# Database Tests

In [18]:
import os, requests
from pathlib import Path
import tempfile

## UniProt

(Sequence Retrieval)

In [2]:
uniprot_id = 'P05067'

In [None]:
def get_uniprot_sequence(uniprot_id):
    params = {"fields": ["sequence"]}
    headers = {"accept": "application/json"}
    
    uniprot_url = f"https://rest.uniprot.org/uniprotkb/{uniprot_id}"

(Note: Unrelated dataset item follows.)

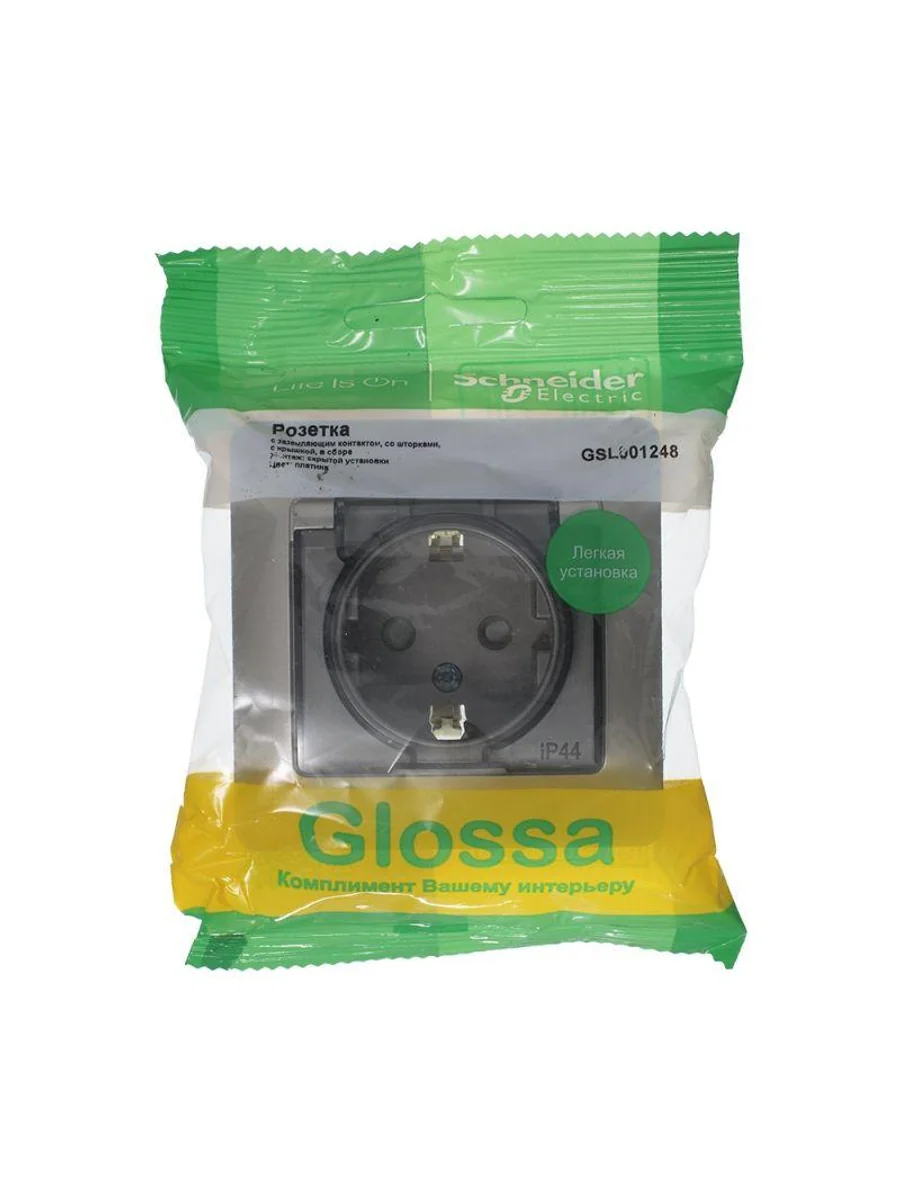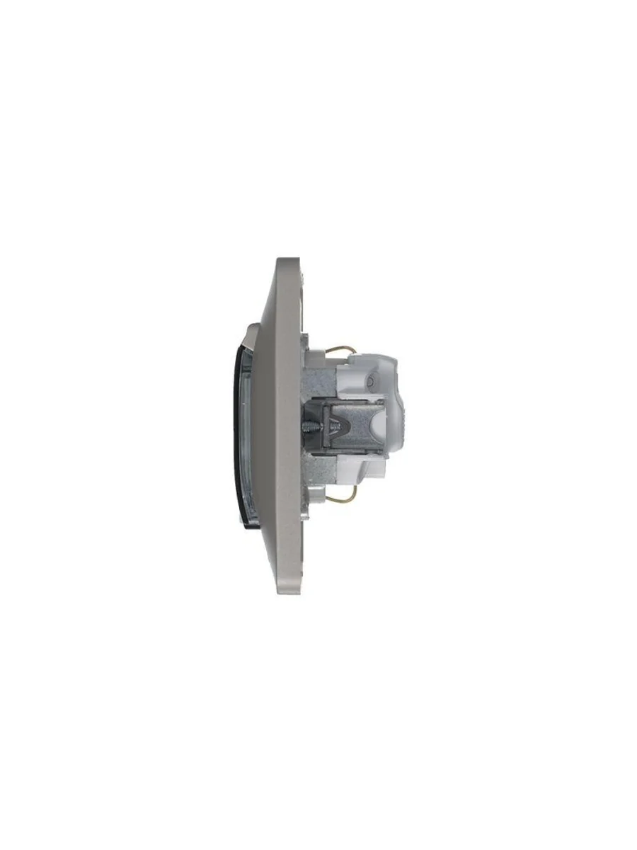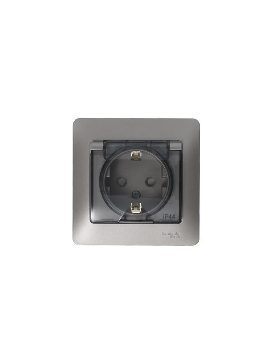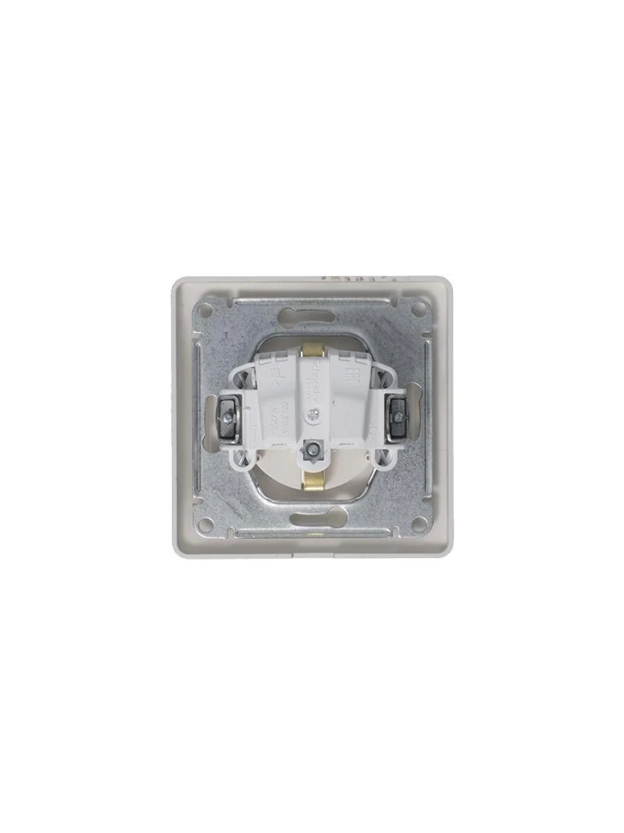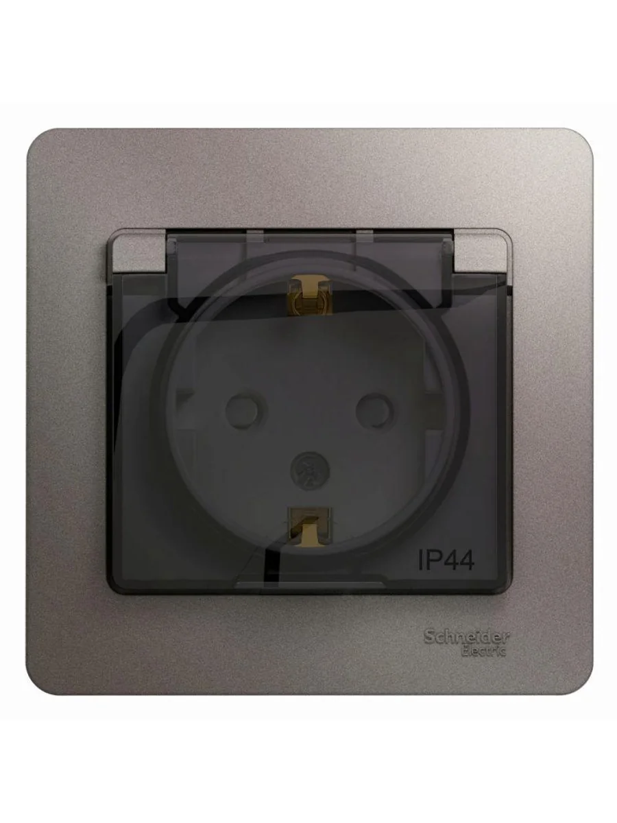 Розетка Systeme Electric (ранее Schneider Electric) серии Glossa (в сборе, цвет платина) одинарная с заземлением, шторками и крышкой подходит для сетей 250 В, на ток 16 А. - Изделие со степенью защиты IP44 обеспечит безопасность использования в ванной и на кухне. - Заземляющий контакт обеспечивает дополнительную защиту от удара электрическим током. При наличии заземления электрический потенциал уходит в землю, защищая человека. - Выполнен из материала PС+ASA, стойкого к УФ-излучению и появлению царапин.

    response = requests.get(uniprot_url, headers=headers, params=params)

    if not response.ok:
        response.raise_for_status()

    data = response.json()
    return data['sequence']['value']

In [7]:
get_uniprot_sequence(uniprot_id)

'MLPGLALLLLAAWTARALEVPTDGNAGLLAEPQIAMFCGRLNMHMNVQNGKWDSDPSGTKTCIDTKEGILQYCQEVYPELQITNVVEANQPVTIQNWCKRGRKQCKTHPHFVIPYRCLVGEFVSDALLVPDKCKFLHQERMDVCETHLHWHTVAKETCSEKSTNLHDYGMLLPCGIDKFRGVEFVCCPLAEESDNVDSADAEEDDSDVWWGGADTDYADGSEDKVVEVAEEEEVAEVEEEEADDDEDDEDGDEVEEEAEEPYEEATERTTSIATTTTTTTESVEEVVREVCSEQAETGPCRAMISRWYFDVTEGKCAPFFYGGCGGNRNNFDTEEYCMAVCGSAMSQSLLKTTQEPLARDPVKLPTTAASTPDAVDKYLETPGDENEHAHFQKAKERLEAKHRERMSQVMREWEEAERQAKNLPKADKKAVIQHFQEKVESLEQEAANERQQLVETHMARVEAMLNDRRRLALENYITALQAVPPRPRHVFNMLKKYVRAEQKDRQHTLKHFEHVRMVDPKKAAQIRSQVMTHLRVIYERMNQSLSLLYNVPAVAEEIQDEVDELLQKEQNYSDDVLANMISEPRISYGNDALMPSLTETKTTVELLPVNGEFSLDDLQPWHSFGADSVPANTENEVEPVDARPAADRGLTTRPGSGLTNIKTEEISEVKMDAEFRHDSGYEVHHQKLVFFAEDVGSNKGAIIGLMVGGVVIATVIVITLVMLKKKQYTSIHHGVVEVDAAVTPEERHLSKMQQNGYENPTYKFFEQMQN'

## ModelArchive
(Structure Retrieval)

In [28]:
database_id = 'ma-osf-ppp2r2a-001'

In [40]:
def get_modelarchive_structure(database_id):
    ma_url = f"https://www.modelarchive.org/api/projects/{database_id}?type=basic__model_file_name"
    # response = requests.get(url)
    # response.raise_for_status()
    # data = response.json()
    ## Download the CIF file to temp directory
    cif_file_path = tempfile.NamedTemporaryFile(delete=False, suffix=".cif")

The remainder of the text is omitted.